WORK TO COMPLETE =>
The answer must reproduce exactly the lines from the one with "中华虎凤蝶是鳞翅目凤蝶科虎凤" through the end of the material, and it must contain no pictures.

DATA BELOW =>
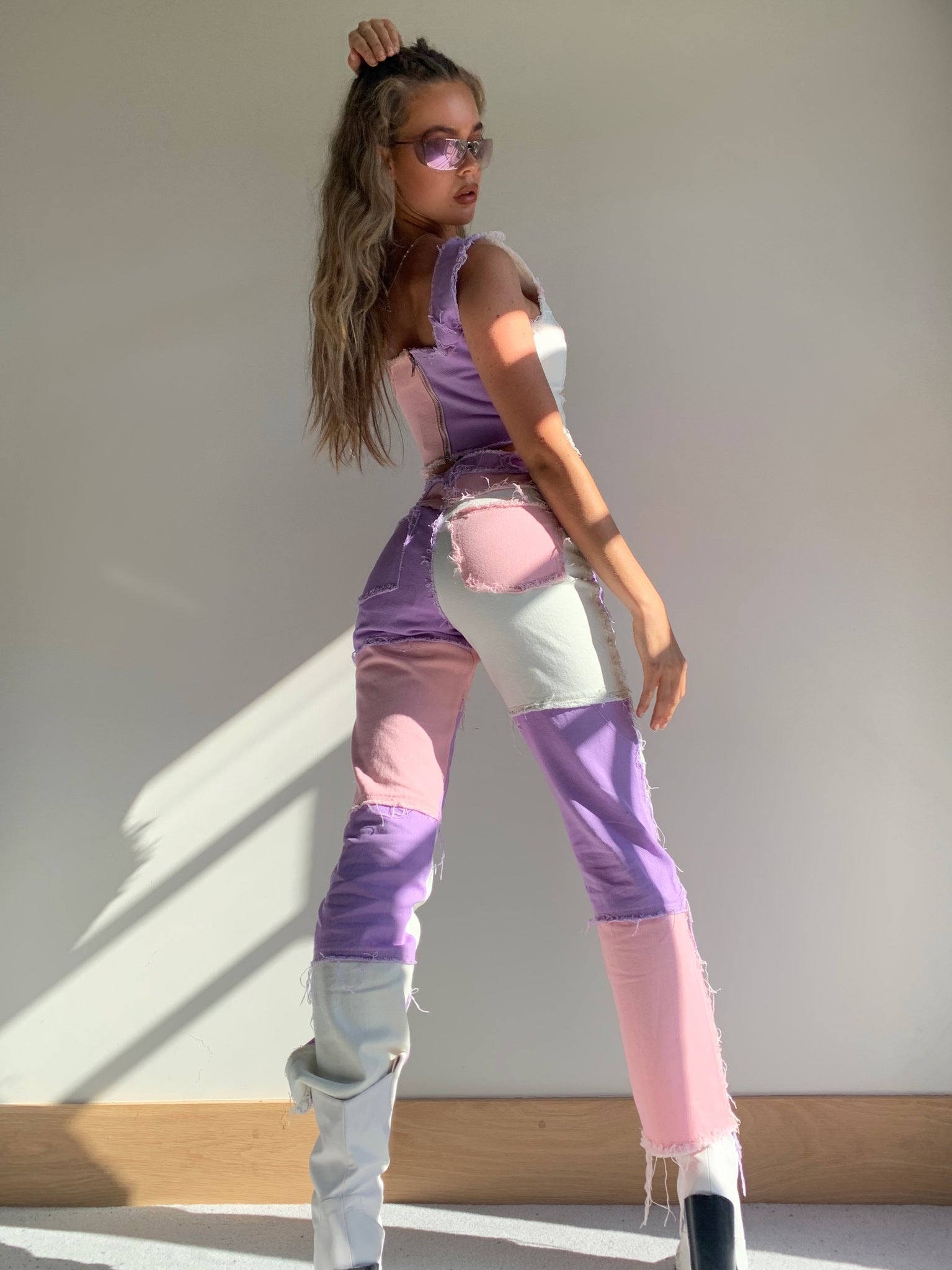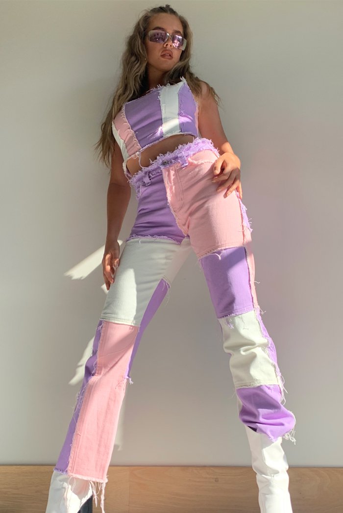 %text-1-start% Throw it back this season rocking our super cute pastel patchwork boyfriend jeans, pair with the matching corset top for ultimate outfit goals!
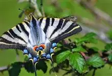 中华虎凤蝶是鳞翅目凤蝶科虎凤蝶属昆虫。双翅颜色为黄底黑纹,色如虎皮;雌、雄斑纹相同,但雌蝶的黄色往往要略深一些;后翅外缘呈波浪状,长有较短的尾突;除翅外,整体黑色,…全部>>
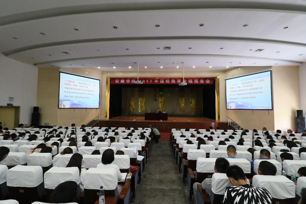 5月9日下午,在我校江南校区大礼堂举办了“2017年国防教育专场报告会暨大学生征兵宣传活动”。本次活动由安康学院、安康军分区政治部、汉滨区人民武装部联合举办。

ANSWER BOX =>
 中华虎凤蝶是鳞翅目凤蝶科虎凤蝶属昆虫。双翅颜色为黄底黑纹,色如虎皮;雌、雄斑纹相同,但雌蝶的黄色往往要略深一些;后翅外缘呈波浪状,长有较短的尾突;除翅外,整体黑色,…全部>>
 5月9日下午,在我校江南校区大礼堂举办了“2017年国防教育专场报告会暨大学生征兵宣传活动”。本次活动由安康学院、安康军分区政治部、汉滨区人民武装部联合举办。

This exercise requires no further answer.